**INFORMATION SHOWN:**
_ _ _ _ _

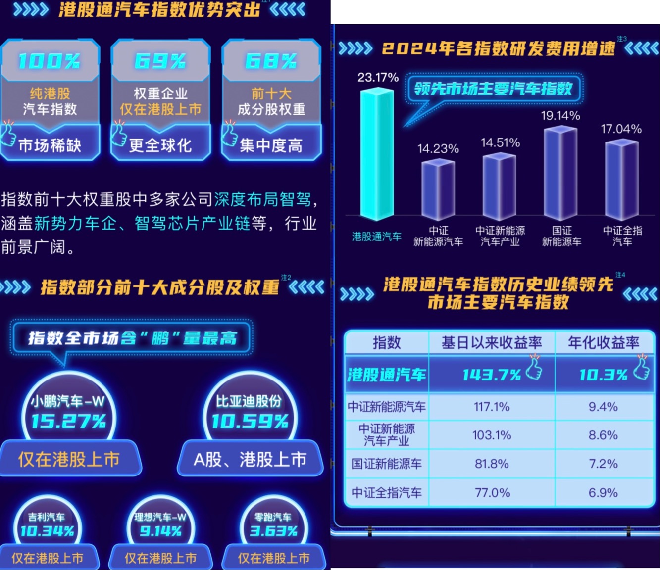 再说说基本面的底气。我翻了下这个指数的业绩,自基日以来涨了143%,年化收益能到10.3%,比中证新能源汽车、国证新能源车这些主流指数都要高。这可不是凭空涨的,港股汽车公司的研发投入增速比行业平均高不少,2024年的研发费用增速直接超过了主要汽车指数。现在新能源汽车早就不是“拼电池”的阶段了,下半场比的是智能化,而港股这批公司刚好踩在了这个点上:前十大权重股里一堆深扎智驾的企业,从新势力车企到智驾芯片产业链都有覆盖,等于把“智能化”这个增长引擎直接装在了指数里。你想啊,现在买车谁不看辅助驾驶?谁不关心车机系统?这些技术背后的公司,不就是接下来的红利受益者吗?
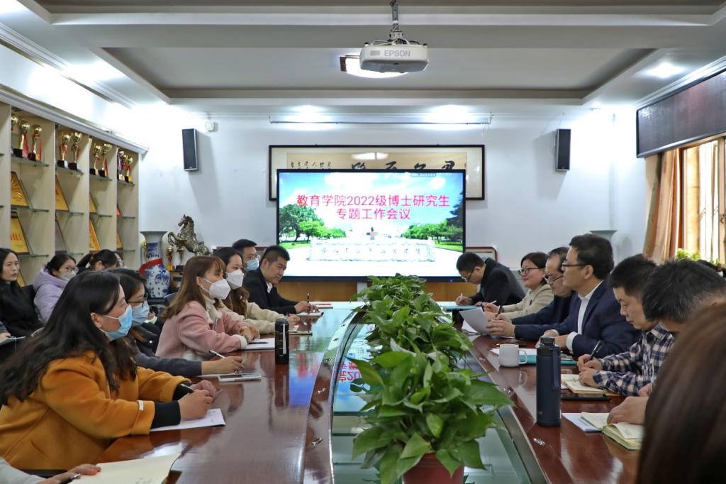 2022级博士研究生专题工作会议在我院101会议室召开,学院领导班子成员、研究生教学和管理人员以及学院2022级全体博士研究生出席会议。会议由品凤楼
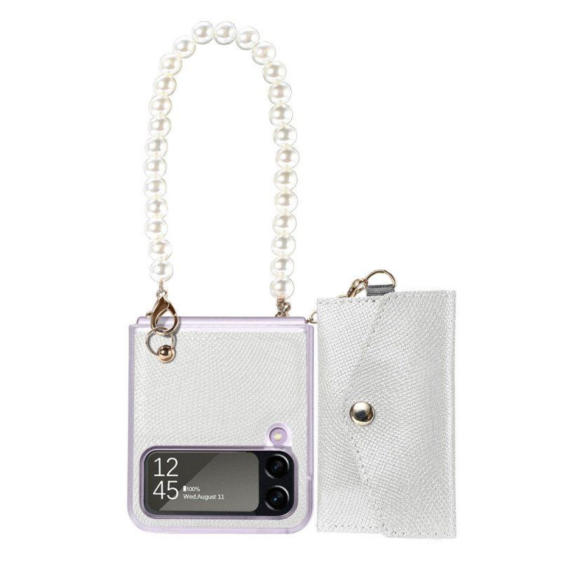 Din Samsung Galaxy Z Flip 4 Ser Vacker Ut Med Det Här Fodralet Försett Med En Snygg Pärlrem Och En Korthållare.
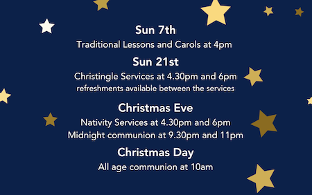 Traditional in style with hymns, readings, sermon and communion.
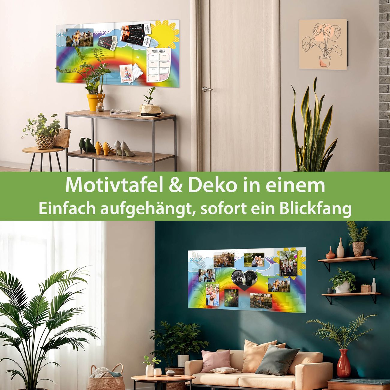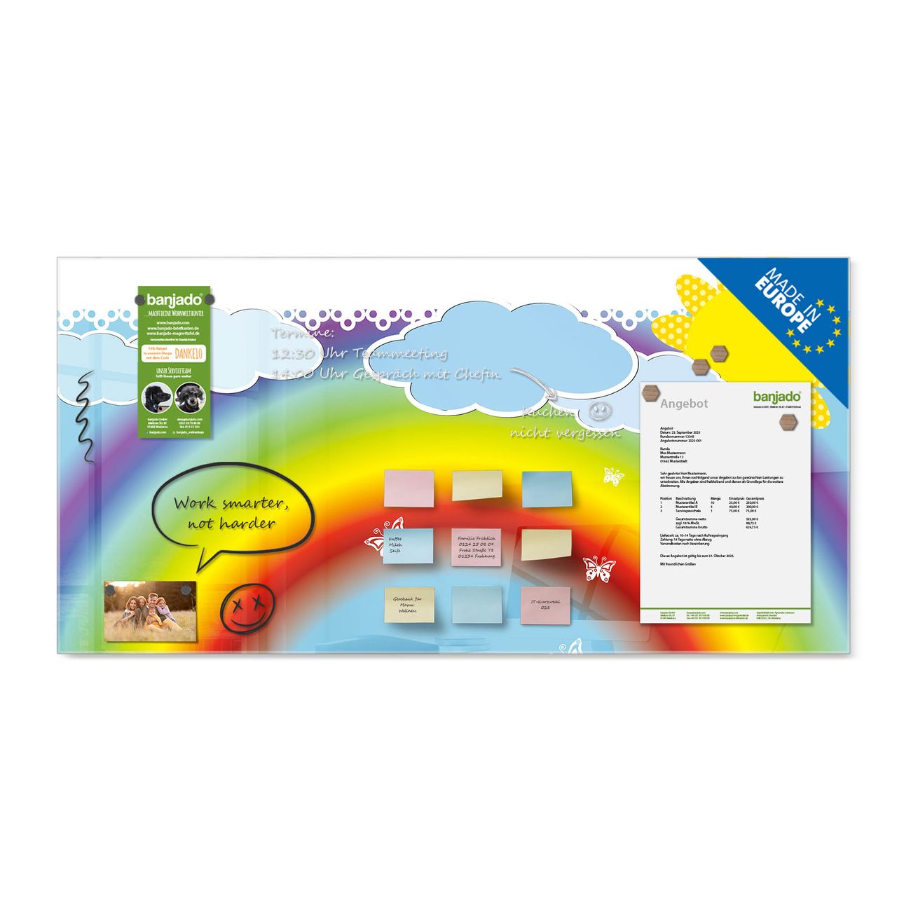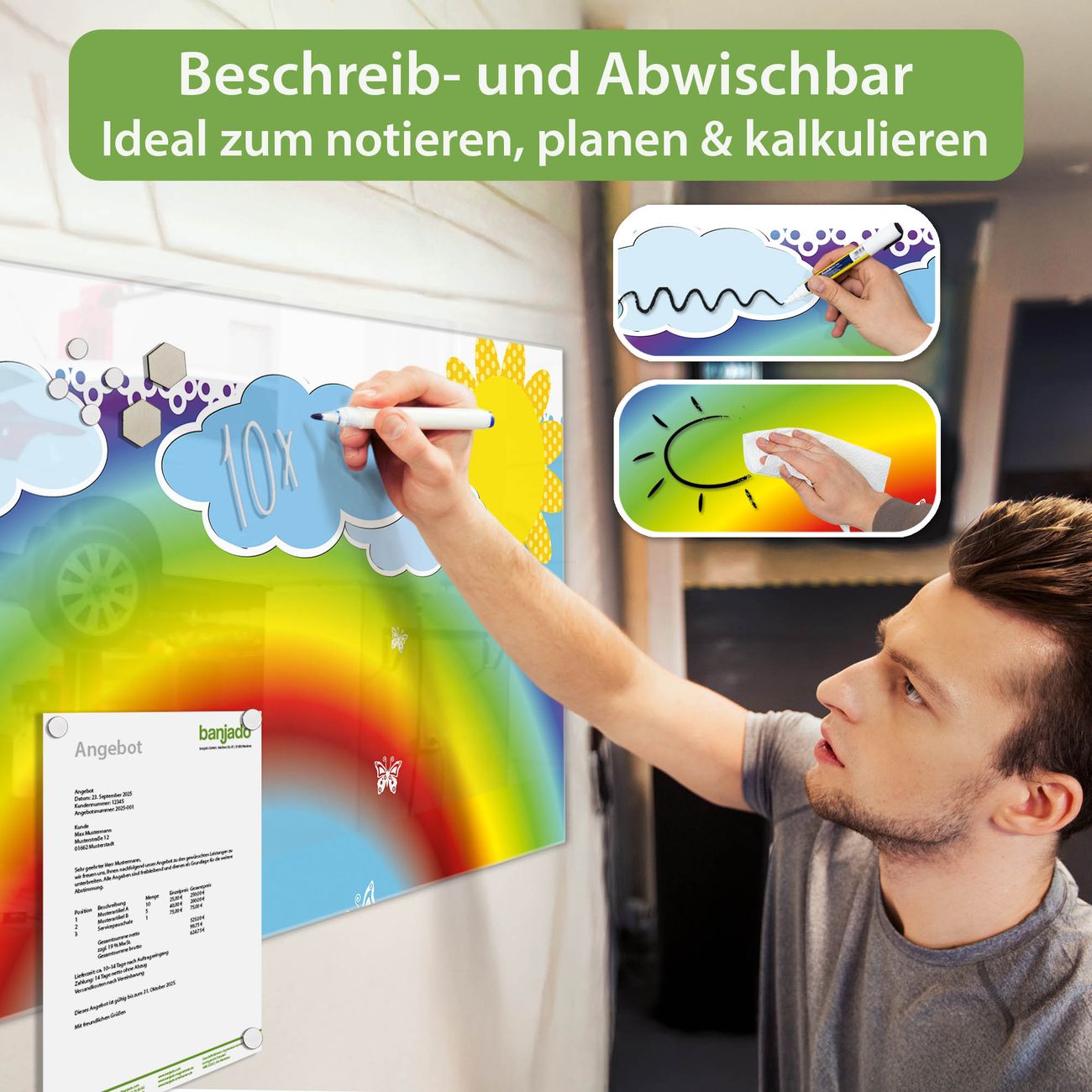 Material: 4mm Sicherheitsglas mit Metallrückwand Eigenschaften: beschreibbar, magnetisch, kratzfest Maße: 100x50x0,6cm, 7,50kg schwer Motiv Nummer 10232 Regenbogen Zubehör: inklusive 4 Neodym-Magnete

_ _ _ _ _

**YOUR OBJECTIVE:** Only the lines from the one containing "Traditional in style" through the last line of the data belong in the copy, both included and reproduced exactly. Pictures do not.

**TASK RESPONSE:**
 Traditional in style with hymns, readings, sermon and communion.
 Material: 4mm Sicherheitsglas mit Metallrückwand Eigenschaften: beschreibbar, magnetisch, kratzfest Maße: 100x50x0,6cm, 7,50kg schwer Motiv Nummer 10232 Regenbogen Zubehör: inklusive 4 Neodym-Magnete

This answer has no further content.